上記テトラアミンとしては、例えばトリメチレンテトラアミン、トリエチレンテトラアミン等を挙げることができる。これらのアミンは、単独でも、あるいは2種以上の化合物を混合して使用することもできる。
【0016】
これらアミンのうち、式(2)で表されるモノアミンを使用することが好ましく、トリメチルアミン、トリエチルアミン、トリーイソプロピルアミン、トリイソブチルアミン、トリ−t−ブチルアミン、ジメチルアミン、ジエチルアミン、ジイソプロピルアミン、ジイソブチルアミン、ジ−t−ブチルアミン、メチルエチルアミン、メチルブチルアミン、メチルフェニルアミン、エチルフェニルアミン、イソブチルフェニルアミン、メチルアミン、エチルアミン、イソプロピルアミン、シクロプロピルアミン、n−ブチルアミン、イソブチルアミン、t−ブチルアミン、2−メチルブチルアミン、n−ヘキシルアミン又はフェニルアミンを使用することがより好ましく、トリメチルアミン、トリエチルアミン、トリ−イソプロピルアミン、トリイソブチルアミン又はトリ−t−ブチルアミンを使用することが更に好ましい。

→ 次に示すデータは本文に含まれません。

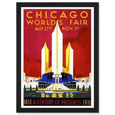 Artery8 Cultural World Fair Chicago 1933 Centennial A4 Artwork Framed Wall Art Print
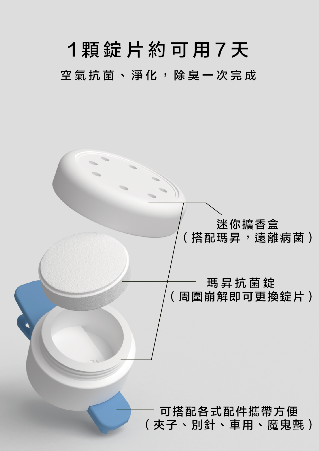 1.將1片錠片放入專利容器-MAVO迷你擴香盒內,轉緊蓋子即可使用,
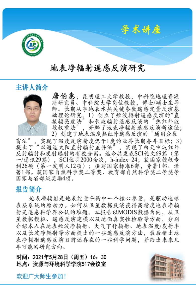 5月28日下午 唐伯惠教授:地表净辐射遥感反演研究
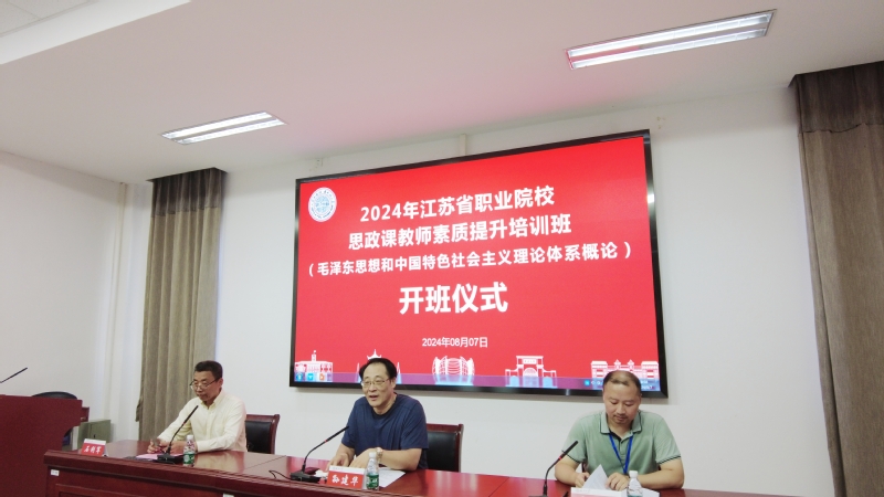 8月7日上午,2024年江苏省高等职业院校思政课教师素质提升培训班(毛泽东思想和中国特色社会主义理论体系概论)在探花 本部培训中心105正式开班。镇江市高等专科学校学员代表高雨耀老师,探花 院长孙建华、宣讲与培训中心办公室副主任石利军出席开班典礼。仪式由石利军主持。
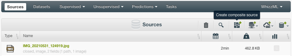 Of course, you can also use BATCH PREDICTION to classify multiple images. First, you need a dataset containing the images so click on “Create composite source” on the action bar in the source list view:
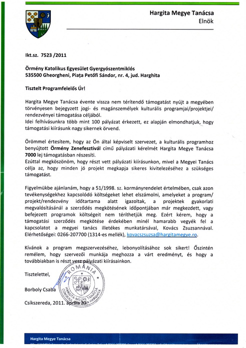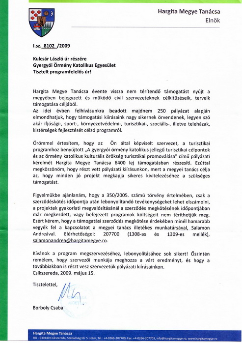 Örmény katolikus kulturális örökségünk népszerűsítésének támogatója Hargita Megye Tanácsa.
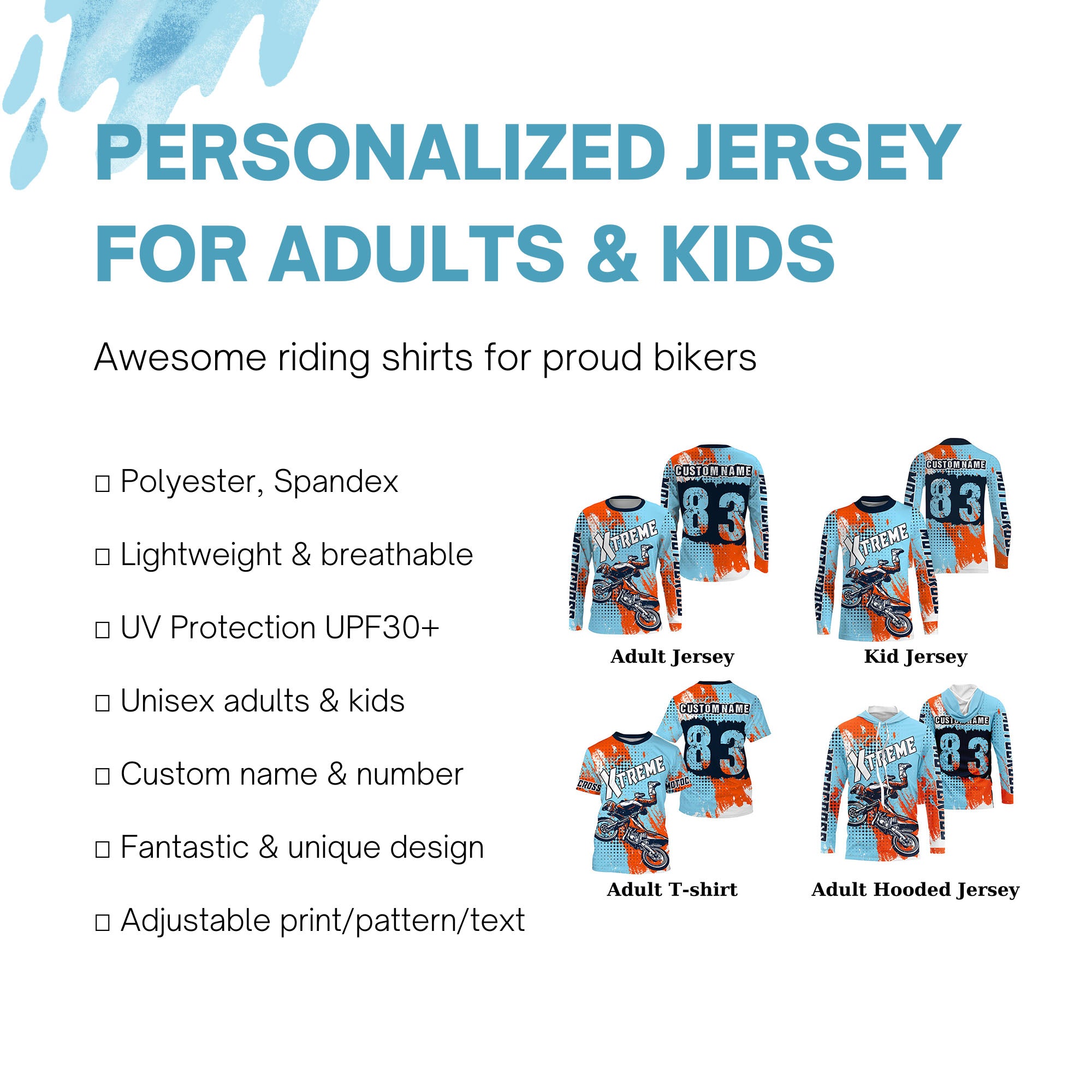• PERSONALIZED RIDING JERSEY: This super cool shirt is exactly what all bikers are looking for. Add your name/number to make it a unique one that bears your own imprints.
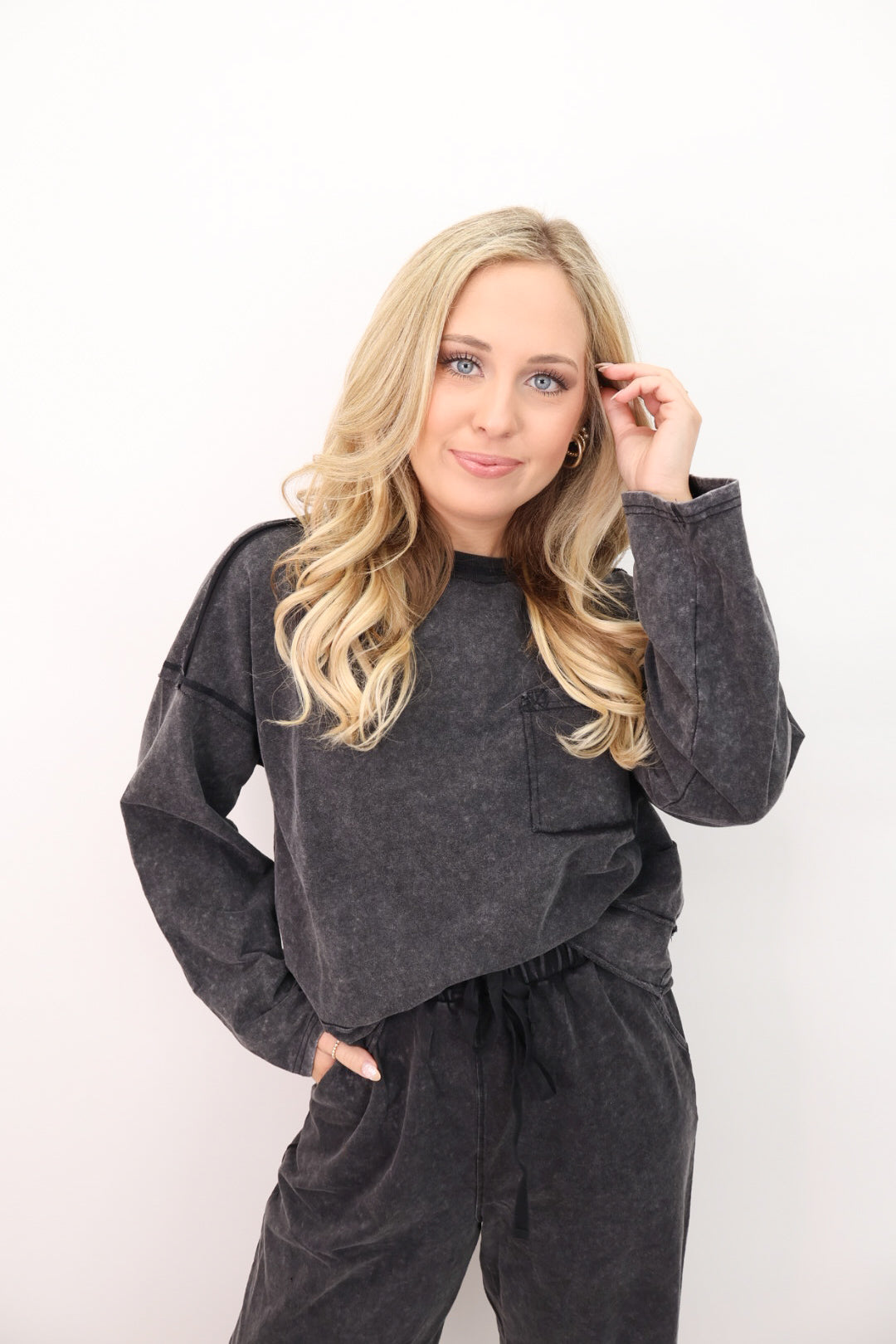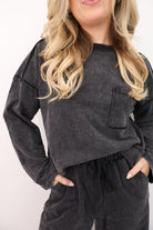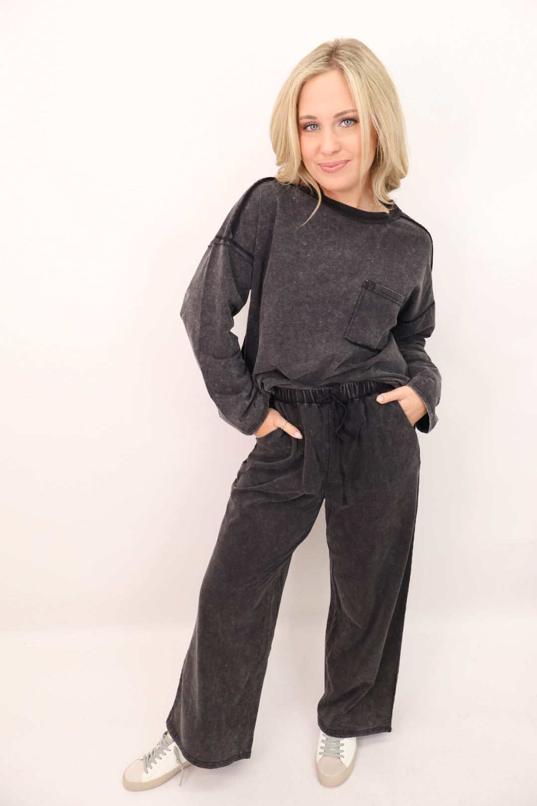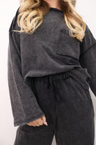 This mineral-wash set gives you that vintage, lived-in look with the softness of your favorite sweatshirt! The top features a relaxed fit with raw-edge detailing and a front pocket, while the matching pants have a stretchy waistband, side pockets, and a wide-leg silhouette that feels like heaven on. It’s the laid-back set you’ll want for movie nights, road trips, and everything in between.

これらのアミンは、単独でも、あるいは2種以上の化合物を混合して使用することもできる。
【0017】
上記式(1)で表わされる化合物について、 式(1)中のR、RおよびRの具体例としては、水素、メチル基、エチル基、プロピル基、ブチル基、ペンチル基、ヘキシル基、ヘプチル基、オクチル基、ノニル基、デシル基、ウンデシル基、ドデシル基の如きアルキル基、メタアリル基の如きアルケニル基、フェニルエチニル基の如きアルキニル基、シクロプロピル基の如き脂環式アルキル基、フェニル基、ベンジル基の如きアラルキル基などを好適に使用することができる。またこれらアルキル基、アルケニル基、アルキニル基、またはアラルキル基は直鎖状でも、環状でも、また分岐していてもよい。
【0018】
式(1)で示される化合物の具体例としては、トリメチルアルミニウム、トリエチルアルミニウム、トリ−n−プロピルアルミニウム、トリシクロプロピルアルミニウム、トリ−n−ブチルアルミニウム、トリイソブチルアルミニウム、トリ−t−ブチルアルミニウム、トリ2−メチルブチルアルミニウム、トリ−n−ヘキシルアルミニウム、トリシクロヘキシルアルミニウム、トリ(2−エチルヘキシル)アルミニウム、トリオクチルアルミニウム、トリフェニルアルミニウム、トリベンジルアルミニウム、ジメチルフェニルアルミニウム、ジエチルフェニルアルミニウム、ジイソブチルフェニルアルミニウム、メチルジフェニルアルミニウム、エチルジフェニルアルミニウム、イソブチルジフェニルアルミニウム、ジエチルアルミニウムヒドリド、ジイソブチルアルミニウムヒドリド、ジフェニルアルミニウムヒドリド、ジメチルメタクリルアルミニウム、ジメチル(フェニルエチニル)アルミニウム、ジフェニル(フェニルエチニル)アルミニウム等を用いることができる。これらのアルミニウム化合物は、単独でも、あるいは2種以上の化合物を一緒に使用することもできる。
【0019】
式(1)で表される化合物の製造法は特に限定されない。例えば、ジアルキルハロゲン化アルミニウムと金属ナトリウムとの反応[A.V.Grosseら、J. Org. Chem., 5巻, p106、1940年]、アルミニウムとオレフィンと水素との反応[K.Zieglerら, Ann., 629巻,p1、1960年]、オレフィンと水素化アルミニウムとの反応[K. Zieglerら, Ann., 589巻, p91、1954年]、有機水銀とアルキルアルミニウムとの反応[D. A. Sandersら, J. Amer. Chem. Soc., 90巻、p5910、1968年]、有機水銀とアルミニウムとの反応[J. J. Eischら, J. Amer. Chem. Soc., 88巻、p2976、1966年]、アルキルボランとアルキルアルミニウムとの反応[L. Lardicciら, J. Organometal. Chem., 39巻、p245、1972年]、有機アルミニウムとアセチレン誘導体との反応[T. Moleら, Aust. J. Chem., 17巻、p1229、1964年]、アルキルリチウムと塩化アルミニウムとの反応[H. Lehmkuhl, Ann., 719巻、p40、1968年]等を用いることができる。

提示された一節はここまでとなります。